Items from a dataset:
★ ★ ★ ★ ★ ★ ★

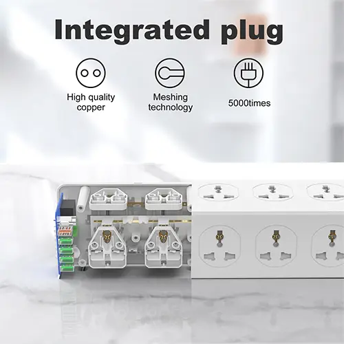 The 6 USB ports deliver an output of 3.4 Amp. This strategic design of this power strip also aids in ensuring perfect functionality for lasting protection. The fire retardant body of the strip ensures safe use. In addition, the heavy-duty 2500W cable provides optimal power flow to connected devices.
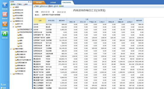 ·进销存分析,主要分析产品分类下所有存货的期初、期末数量及出入库明细数
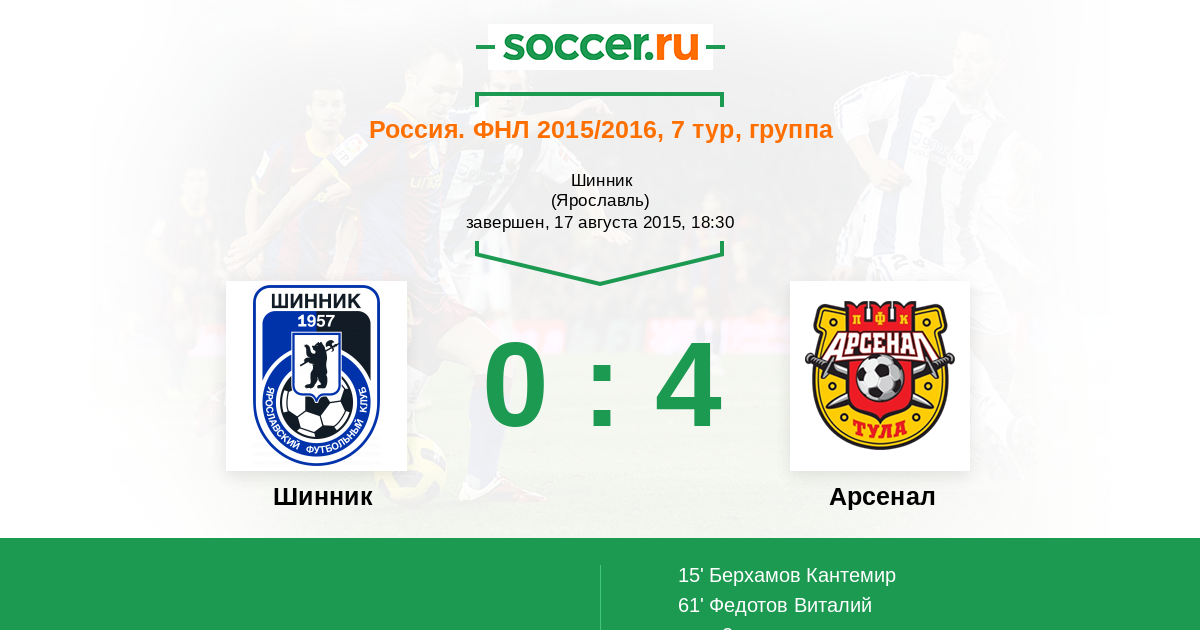 Протокол матча Шинник против Арсенал
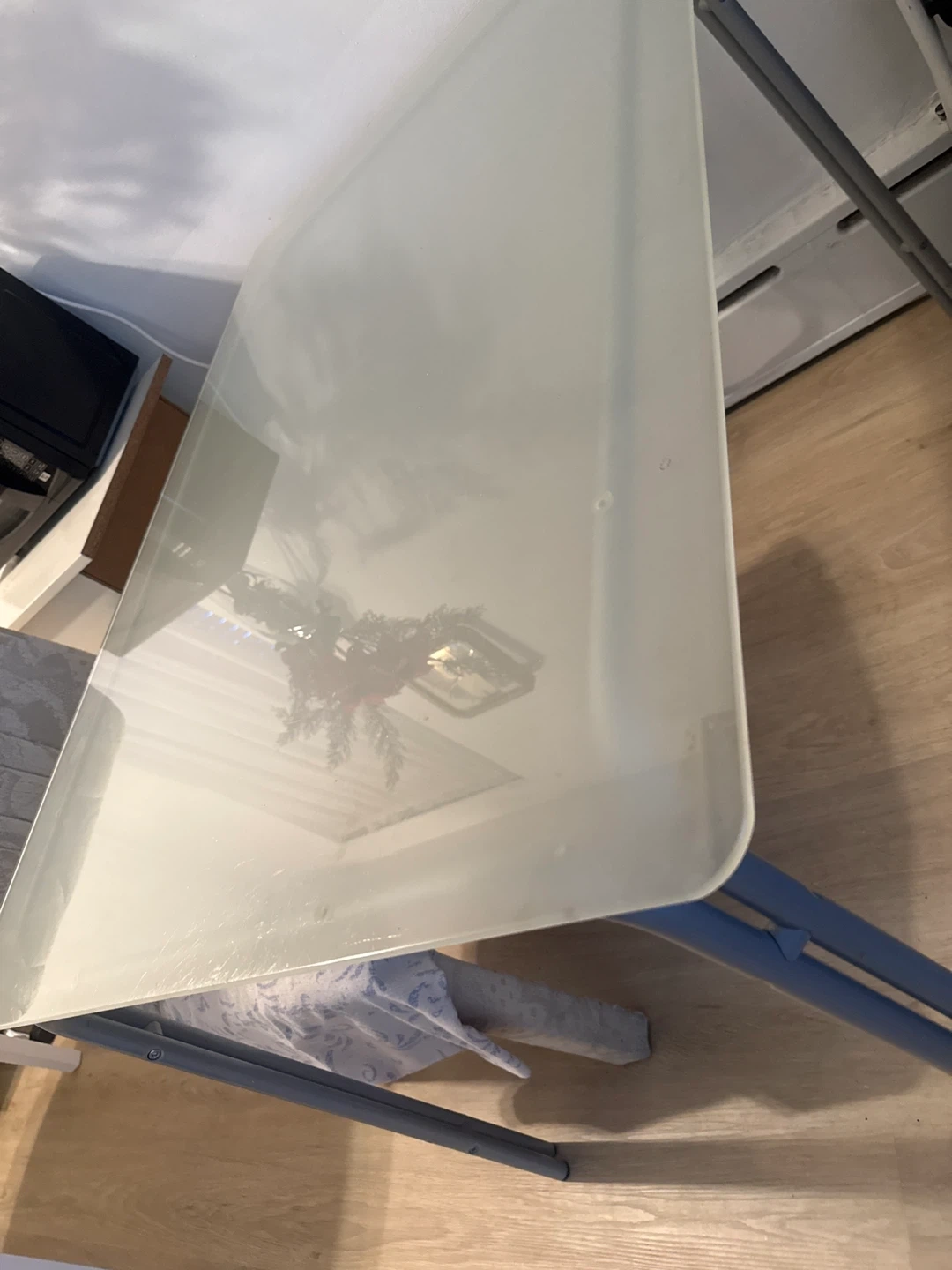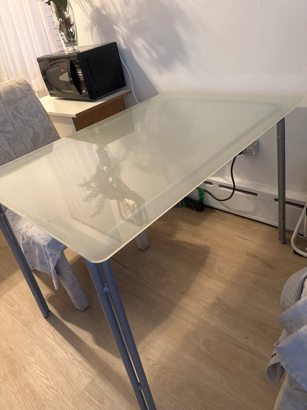 Selling a table with a white glass top. It has a simple, clean look that would fit well in a variety of spaces. The frame appears to be made of metal. It's in good condition and ready for a new home!
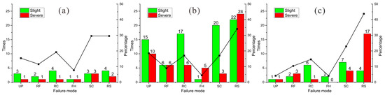 Times and percentage of various failure modes [21,22]. (a) Depth of 550 m; (b) Depth of 750 m; (c); Depth of 1000 m.
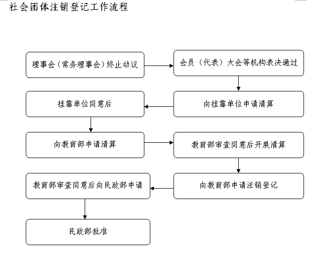 注:经民政部审查同意后,注销的全国性社会团体向登记管理机关交回登记证书、印章和有关财务凭证,将银行账户、税务登记和组织机构代码注销资料的复印件交登记管理机关备案,办理注销公告,提交清理债权公告,领取注销登记批复,向教育部备案。
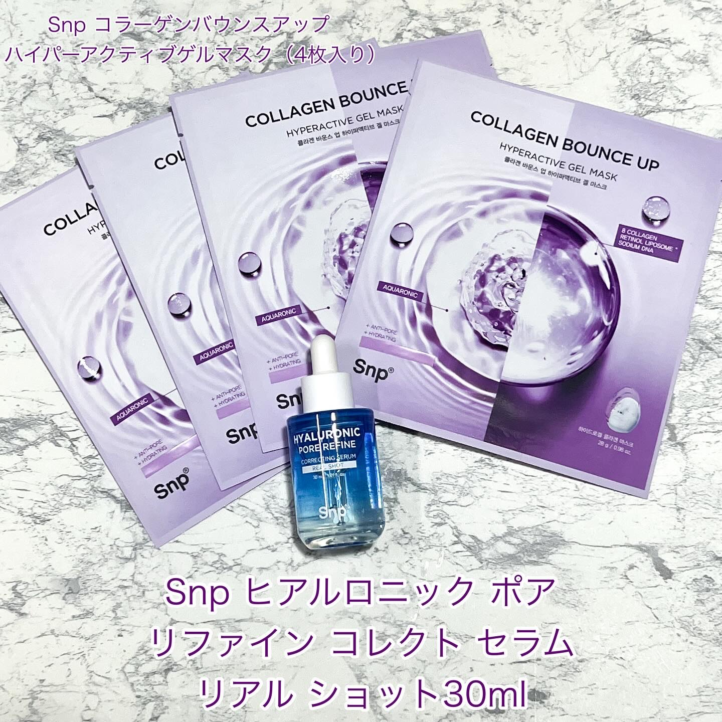 Snpコラーゲンバウンスアップハイパーアクティブゲルマスク✨Snpヒアルロニックポアリファインコレクトセラムリアルショット✨ロフトで買える!韓国コスメブランド、Snpより。PDRN美容液で毛穴皮脂水分弾力のケアをサポート!ロフトKコスメフェス...
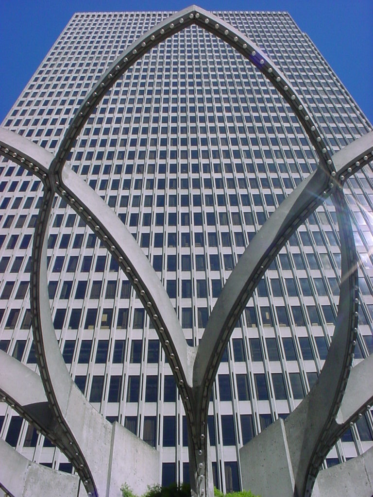 One of the concrete sculptures around the Embarcadero Center, with one of the four 1970s office towers behind. The Embarcadero Center is a vision in concrete, notable particularly for Armand Vaillancourt’s concrete fountain sculpture “Quebec Libre!”
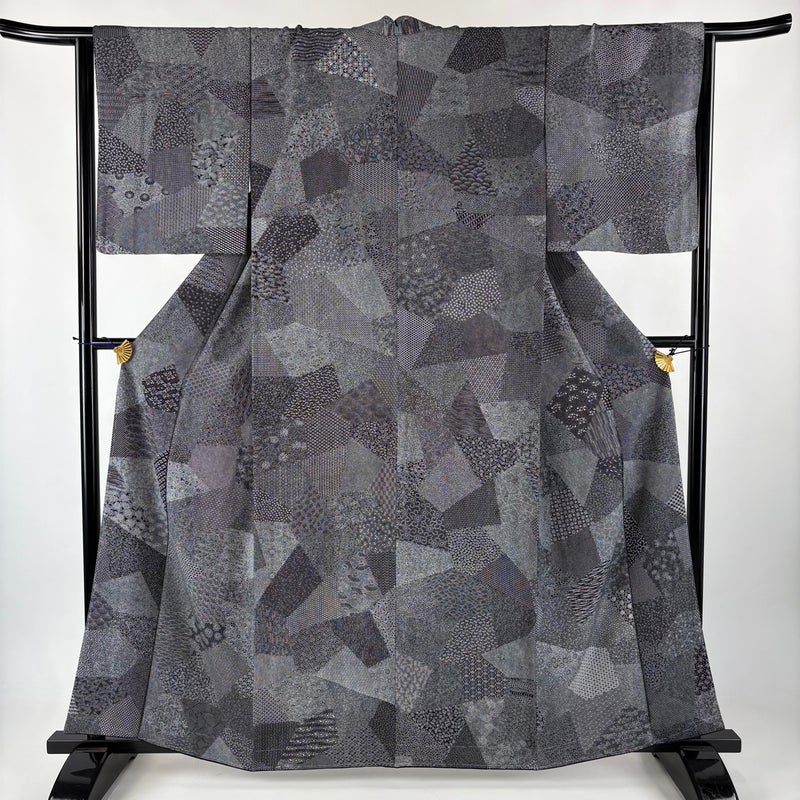 【江戸小紋】 灰色系 黒灰 秀品 A 約160cm~約169cm 裄丈65cm (M)size 袖丈49cm 7990-9980 美品 二万以下
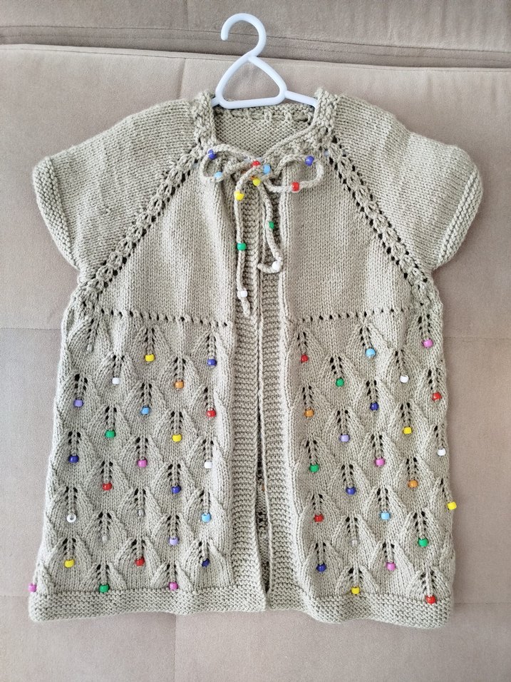 El örgüsü Kız çocuk hırka, renkli boncuk detayları ve bağcıklı kapanışa sahiptir. Sıcak ve yumuşak. Bej rengi. Maakul teklifleri kabul ediyorum. 24 saatte kargoda,
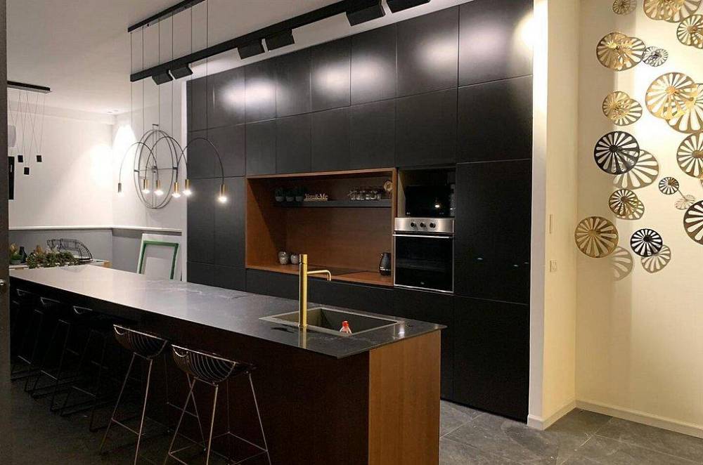 מטבח מאובזר בשלמות – כלי אוכל ובישול, אי מודרני, תנור אפייה, טוסטר, מקרר גדול, מיקרוגל ועוד
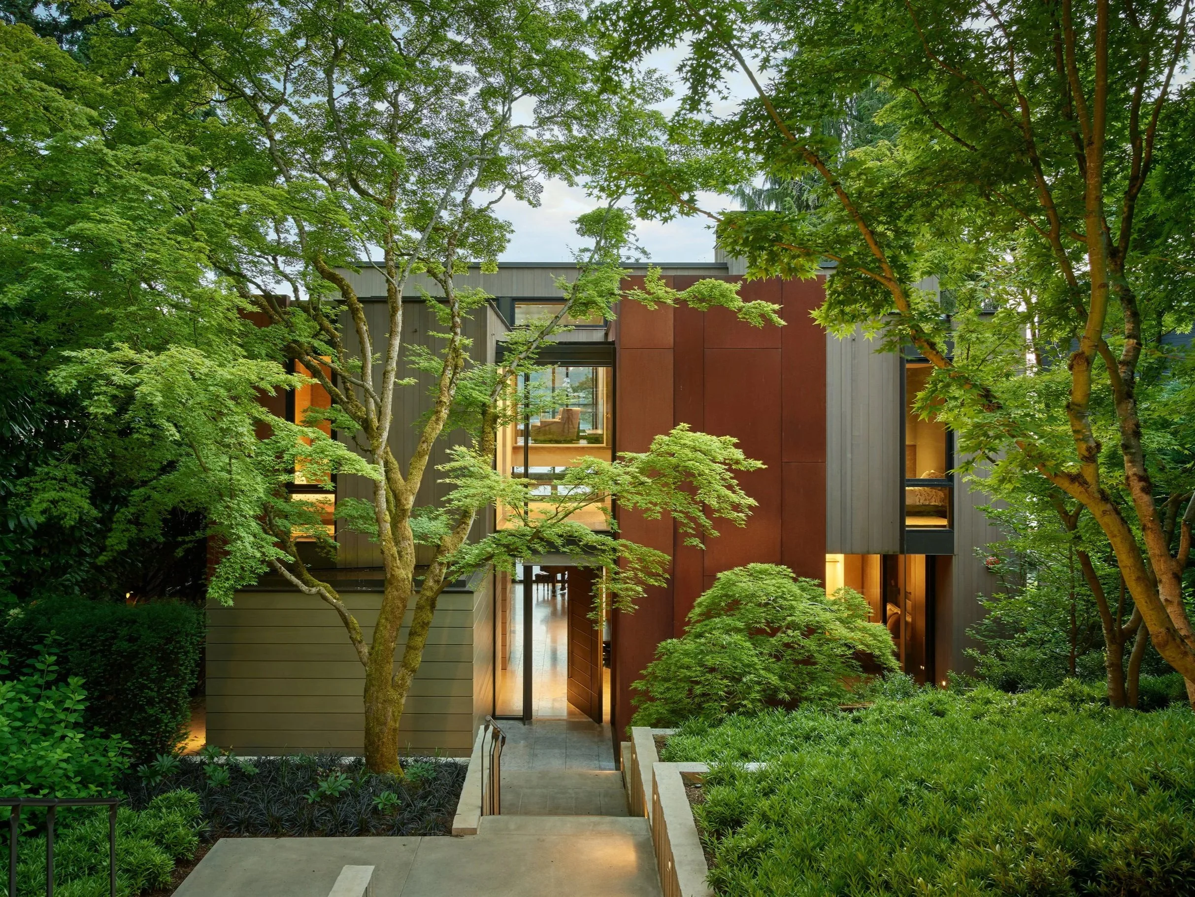 The movement from street to house is conceived as a journey, where work and public life gives way to nature and private reflection. The 60-foot drop from entry drive to water's edge, was not without challenges. The upper driveway becomes a winding forest drive, while the final steps to the house pass through a series of intimate landscapes. Planted roofs merge the house with its setting.
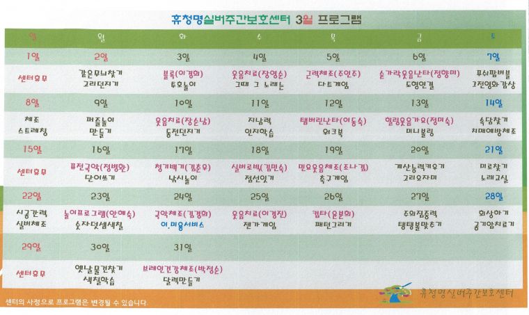 프로그램 게시판 상세 제목 3월 프로그램표 입니다. 작성자 관리자(cmcare) (218.150.17.72) 작성날짜 2026-02-26 15:32:46 조회수 1 첨부파일 26.3월 프로그램.pdf 내용 보기 이전글 2월 프로그램표 입니다. 2026-01-29
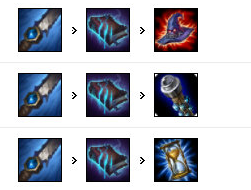 死歌的第一个大件推荐选择蓝色AP打野刀。蓝惩戒稳定的减速配合W技能可以让敌人寸步难行!进而显著提升死歌Q技能的命中率。之后如果做出鬼书来进一步提升法穿,配合法穿鞋在中期可以最大化大招的伤害!之后补出金身帽子等装备即可。
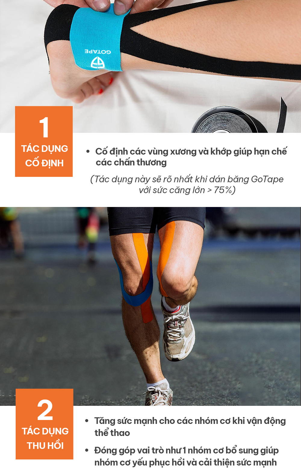 Giúp tăng sức mạnh cho các nhóm cơ khi vận động thể thao, đặc biệt các trường hợp có cơ bị yếu dài hoặc bị co ngắn, băng dán cơ GoTape đóng góp vai trò như 1 nhóm cơ bổ sung giúp nhóm cơ yếu phục hồi và cải thiện sức mạnh đáng kể khi vận động.
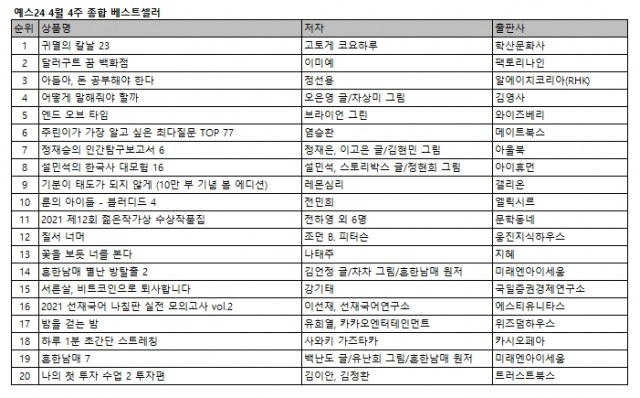 예스24 4월 4주 종합 베스트셀러는 인기 만화 시리즈의 마지막화 ‘귀멸의 칼날 23’이 3주 연속 1위에 등극했다. 어른을 위한 힐링 판타지 소설 ‘달러구트 꿈 백화점’은 한 계단 상승해 2위에 올랐고, 50억 자산가 아버지가 자녀에게 경제의 기본 원리와 부의 노하우를 전하는 ‘아들아, 돈 공부해야 한다’는 3위를 기록했다. 국민 육아멘토 오은영 박사의 현실 밀착 육아법 ‘어떻게 말해줘야 할까’가 전주와 동일한 4위, 브라이언 그린의 10년 만의 신작 ‘엔드 오브 타임’은 새로운 5위다. 어린이 만화 시리즈가 인기를 끌고 ...
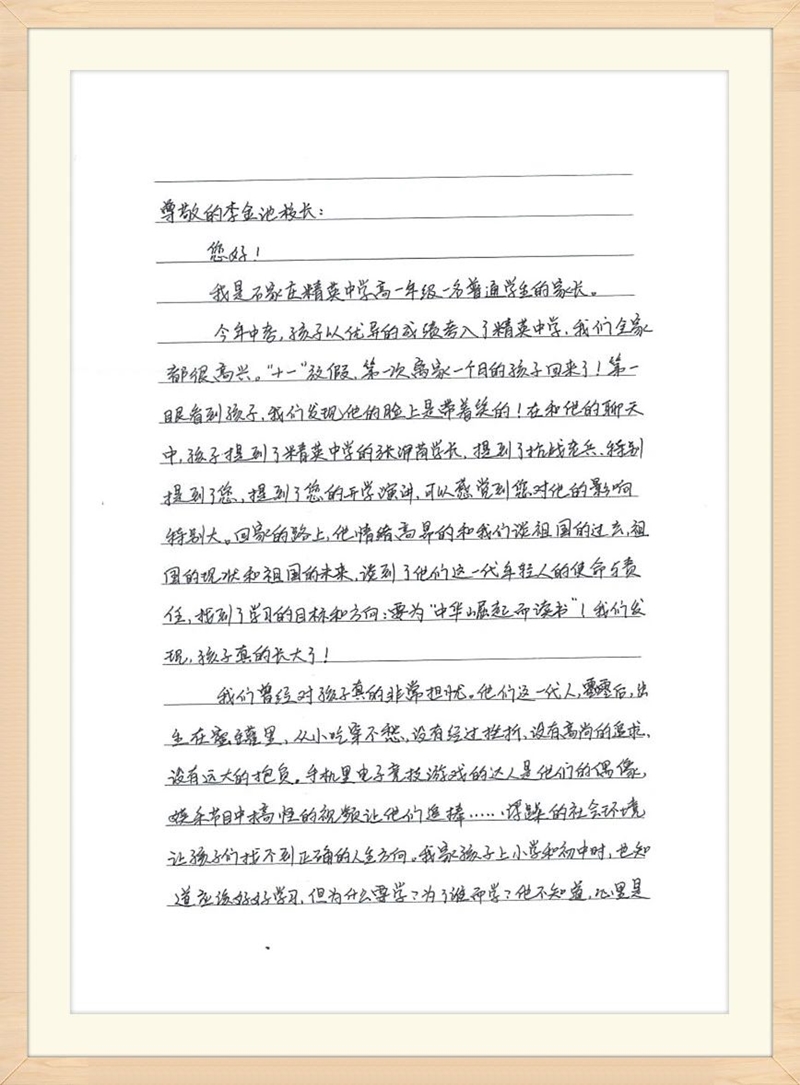 家长致信李金池校长:感谢您点亮孩子心中那盏明灯!

★ ★ ★ ★ ★ ★ ★

Task goal: Reproduce nothing but the lines from the line containing "The movement from" through the last line of the data above, exactly as written and without pictures.

Response:
 The movement from street to house is conceived as a journey, where work and public life gives way to nature and private reflection. The 60-foot drop from entry drive to water's edge, was not without challenges. The upper driveway becomes a winding forest drive, while the final steps to the house pass through a series of intimate landscapes. Planted roofs merge the house with its setting.
 프로그램 게시판 상세 제목 3월 프로그램표 입니다. 작성자 관리자(cmcare) (218.150.17.72) 작성날짜 2026-02-26 15:32:46 조회수 1 첨부파일 26.3월 프로그램.pdf 내용 보기 이전글 2월 프로그램표 입니다. 2026-01-29
 死歌的第一个大件推荐选择蓝色AP打野刀。蓝惩戒稳定的减速配合W技能可以让敌人寸步难行!进而显著提升死歌Q技能的命中率。之后如果做出鬼书来进一步提升法穿,配合法穿鞋在中期可以最大化大招的伤害!之后补出金身帽子等装备即可。
 Giúp tăng sức mạnh cho các nhóm cơ khi vận động thể thao, đặc biệt các trường hợp có cơ bị yếu dài hoặc bị co ngắn, băng dán cơ GoTape đóng góp vai trò như 1 nhóm cơ bổ sung giúp nhóm cơ yếu phục hồi và cải thiện sức mạnh đáng kể khi vận động.
 예스24 4월 4주 종합 베스트셀러는 인기 만화 시리즈의 마지막화 ‘귀멸의 칼날 23’이 3주 연속 1위에 등극했다. 어른을 위한 힐링 판타지 소설 ‘달러구트 꿈 백화점’은 한 계단 상승해 2위에 올랐고, 50억 자산가 아버지가 자녀에게 경제의 기본 원리와 부의 노하우를 전하는 ‘아들아, 돈 공부해야 한다’는 3위를 기록했다. 국민 육아멘토 오은영 박사의 현실 밀착 육아법 ‘어떻게 말해줘야 할까’가 전주와 동일한 4위, 브라이언 그린의 10년 만의 신작 ‘엔드 오브 타임’은 새로운 5위다. 어린이 만화 시리즈가 인기를 끌고 ...
 家长致信李金池校长:感谢您点亮孩子心中那盏明灯!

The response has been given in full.